To this end, Eduardo Ganeau exhibited the strategic relevance of China's Southern Sea and showed the great complexity of the issue for various reasons. The first factor to consider according to Ganeau is the number of regional actors (China, Taiwan, Vietnam, Philippines, Indonesia, Malaysia, Thailand, United States – which looks forward to guam Island several decades ago – etc.) and non-regional actors (Japan, South Korea, United Kingdom, Australia and India) with interests in the area. In this way, interests that are supported by the history of countries and by the evolution of international law of the sea overlap. In addition, it should be added that the area has significant fishery and hydrocarbon resources, that 50% of world trade flows there, and that 50% of the region's countries' exports pass through that sea (for Vietnam 90%).

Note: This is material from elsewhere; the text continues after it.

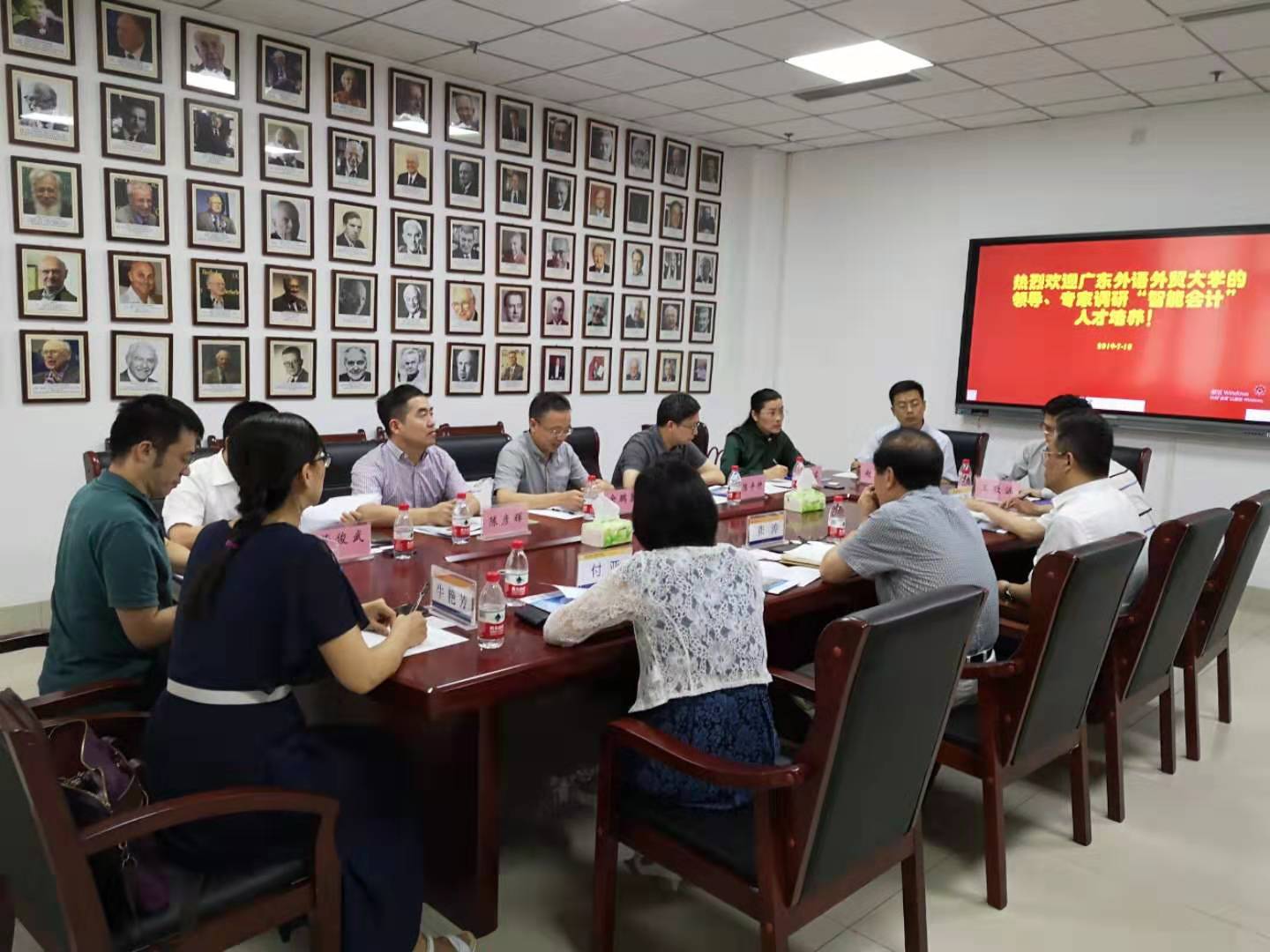 7月10日下午,广东外语外贸大学免费黄色网站 院长余鹏翼、规划处处长陈彦辉、资产处处长吴民、教务处副处长董俊武、网络与信息化中心副主行陈平仲、党委副书记杜焕君、免费黄色网站 教师刘星河一行7人来到免费黄色网站 ,调研免费黄色网站 在“会计学(智能会计方向)”专业人才培养以及智能会计实验室建设经验。会议由免费黄色网站 党委书记张涛主持,免费黄色网站 副院长王守海、党委副书记付亚、会计信息化系主任牛艳芳参加。

For the Marine Commodus VGM (RE), the complications, in turn, are exacerbated by the struggle between today's two great powers: the United States and China. "In regional hegemony, the dispute between the U.S. and China cannot be isolated. It manifests itself in practice with chinese technological and sovereignty developments (economic, political, military) over the islands it owns; which coexists with the presence of the U.S. with all of its forces in the region, and with the fundamental objective of preserving freedom of navigation (one of the essential requirements to maintain its economic might)", he explained. In this regard, Ganeau also asserted that the partnership of cooperation formed between Russia and the People's Republic of China became a clear threat to U.S. rule, as an unprecedented partnership was achieved that establishes a perfect combination between a country that has many energy resources and large unpopulous areas, and another that has significant economic benevolence, technological development, and large energy shortages.

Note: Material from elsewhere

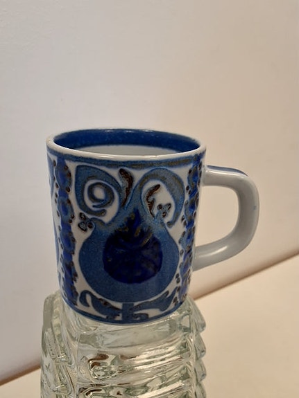 Christine sukkerskål fremstillet af Knabstrup keramik i farven grå med blå kant

In short, for Ganeau, China wants security and internal cohesion, to maintain economic growth, regional hegemony, and to not be delegated to global decisions by the U.S. Thus, in the pursuit of stability in the region and maintaining its power, the People's Republic of China desires dominance of the islands it desires in the southern sea and needs lines of maritime communication. However, in the hegemony dispute there is always a risk of falling into the Thucydides trap, assuming that everything will end in an armed conflict. With this criterion, CARI's Asian Affairs Committee Director Eduardo Sadous closed the talk with the assertion that Argentina must strike a balance between the two major powers, the United States and China, as part of a global conflict and possible trigger for confrontations between these actors. "It is a tremendously strategic area for the world and for Argentina, because China became our main trading partner. You have to be very attentive to what happens", Sadous said.